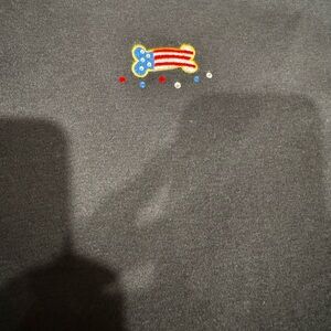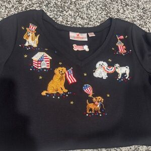 Charming black tshirt with festive dog designs. Features patriotic theme with flags and stars.
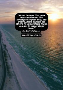39) ”Don’t behave like your heart and mind are strangers to you; they are yours, don’t depend on others to understand them, you got to understand them.”
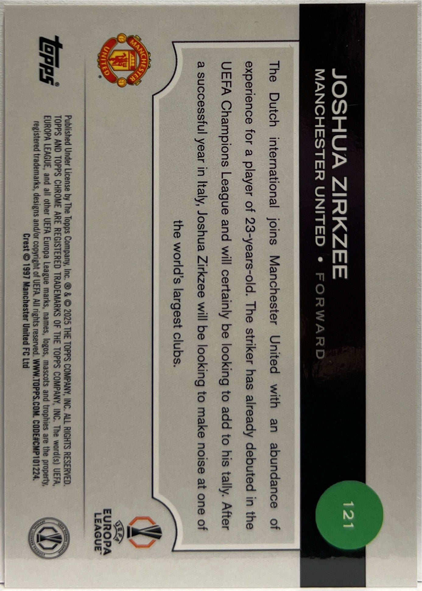 Joshua Zirkzee 4/10 Black Topps Chrome UCC 2024/25 Manchester United
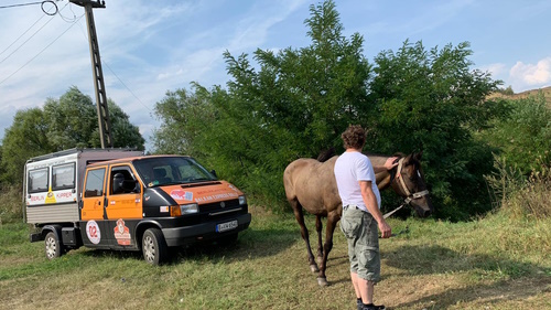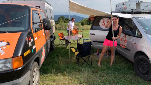 Parkplatzcamping ... Gegenübertritt mit Regenbogen nach Rumänien. Dieses Mal haben wir an Geld wechseln gedacht! Die Stimmung ist super ... Wetter nicht ganz so!

EXERCISE: Transcribe the listing above verbatim. No picture belongs in the result.

ANSWER BOX:
 Charming black tshirt with festive dog designs. Features patriotic theme with flags and stars.
39) ”Don’t behave like your heart and mind are strangers to you; they are yours, don’t depend on others to understand them, you got to understand them.”
 Joshua Zirkzee 4/10 Black Topps Chrome UCC 2024/25 Manchester United
 Parkplatzcamping ... Gegenübertritt mit Regenbogen nach Rumänien. Dieses Mal haben wir an Geld wechseln gedacht! Die Stimmung ist super ... Wetter nicht ganz so!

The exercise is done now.